V. Enter the Population

1. Speciation is generally thought of as a change in the features of individual organisms. And,

of course, this is not completely wrong: as we shall see, speciation is both the cause and the

consequence of individual-level change. I have, however, been emphasizing the role of

ensembles and population structures in evolution. Species, and even more so populations, are

evolved and evolving complex systems (Vrba 1995). Gene exchange and competition within

these ensembles, and their radiation into specialized ecological niches, are major factors in

evolution; they are factors that involve the ensembles as coherent and unitary causal actors.

Moreover, the differentiation of species from one another is not, as I argued earlier, primarily

the emergence of new individual characteristics, but the emergence of new population

structures to adapt to specialized needs.
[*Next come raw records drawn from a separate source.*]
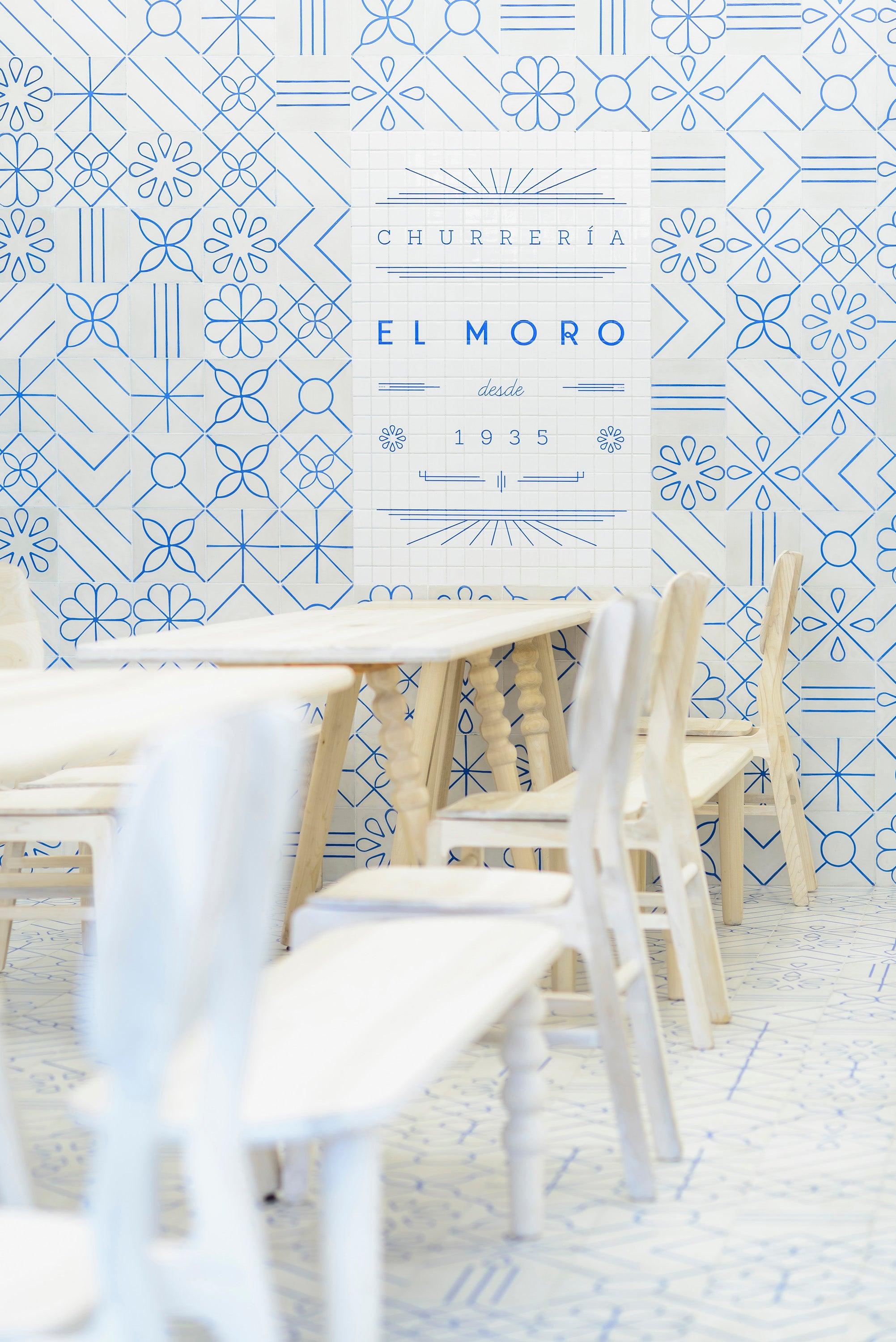 Diseñar para El Moro, una institución emblemática en la Ciudad de México desde 1935, fue un tributo a la tradición. Este icónico establecimiento, famoso por sus churros y chocolate, es parte integral de la vida cotidiana de los capitalinos.
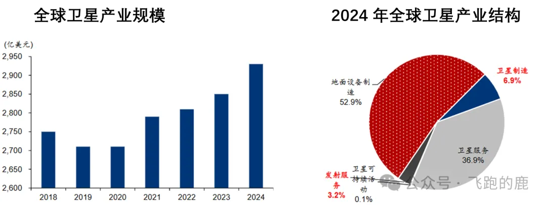 2024 年全球卫星产业总收入达 2930 亿美元,其中卫星制造业收入 201 亿美元、发射服务业收入 93 亿美元,发射成本占卫星公司相关硬性成本的 30%。
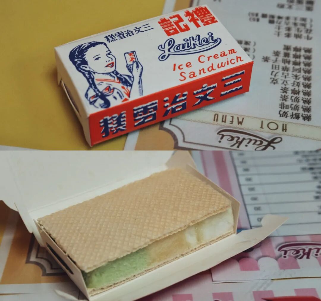 必点的雪糕三文治,用威化饼夹着三色雪糕,味道和包装一样充满古早味。
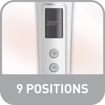– 9 trepte de temperatura (130°C – 220°C) ajustabile in functie de tipul tau de par;
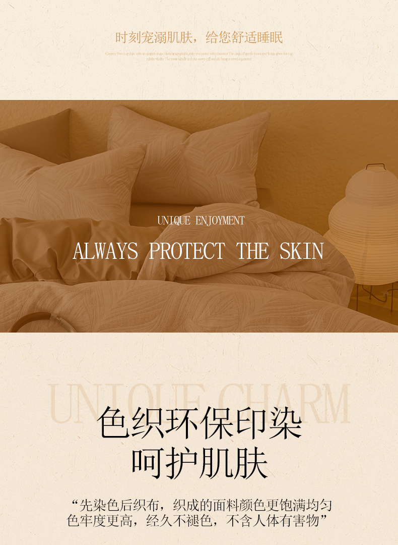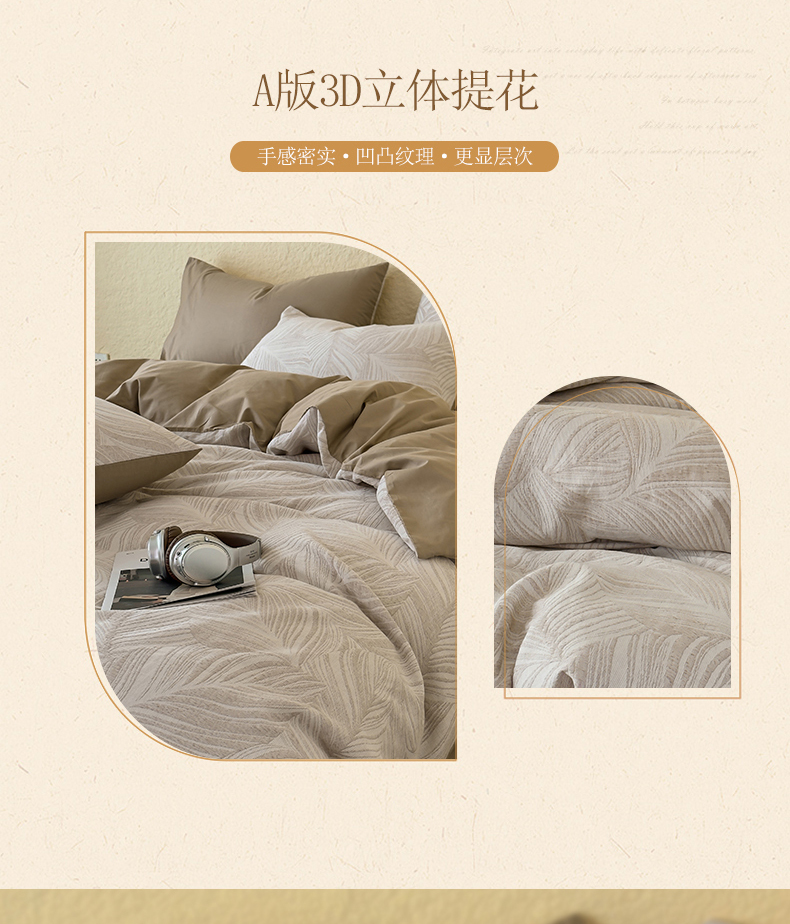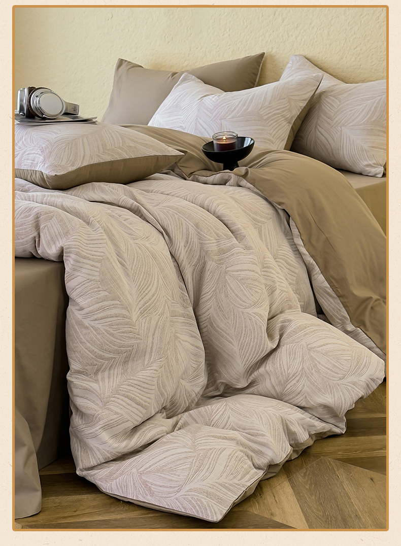 商品名称:琪格格纺织 2025新款全棉A类色织三层纱提花四件套 三层纱 叶舞

The role of the ensemble is often overlooked in definitions of species. Yet, in view of the

argument given so far, it is natural to understand species not as classes of organisms that share

certain intrinsic characteristics, but rather as ensembles of organisms with characteristics that

enable them as ensembles to follow separate evolutionary trajectories. To facilitate such an

approach, I shall propose that populations mediate species-membership – species are

collections of populations. I shall propose, further, that individual organisms are members of

species because they are members of populations that belong to species. I shall attempt to

build this change of perspective into the definition of speciation. I claim that speciation is

something that happens to an ensemble – to wit, that it diverges from others, with the

consequence that two complex systems emerge, each subject separately to reproductive and

ecological integration, where previously there was only one such system.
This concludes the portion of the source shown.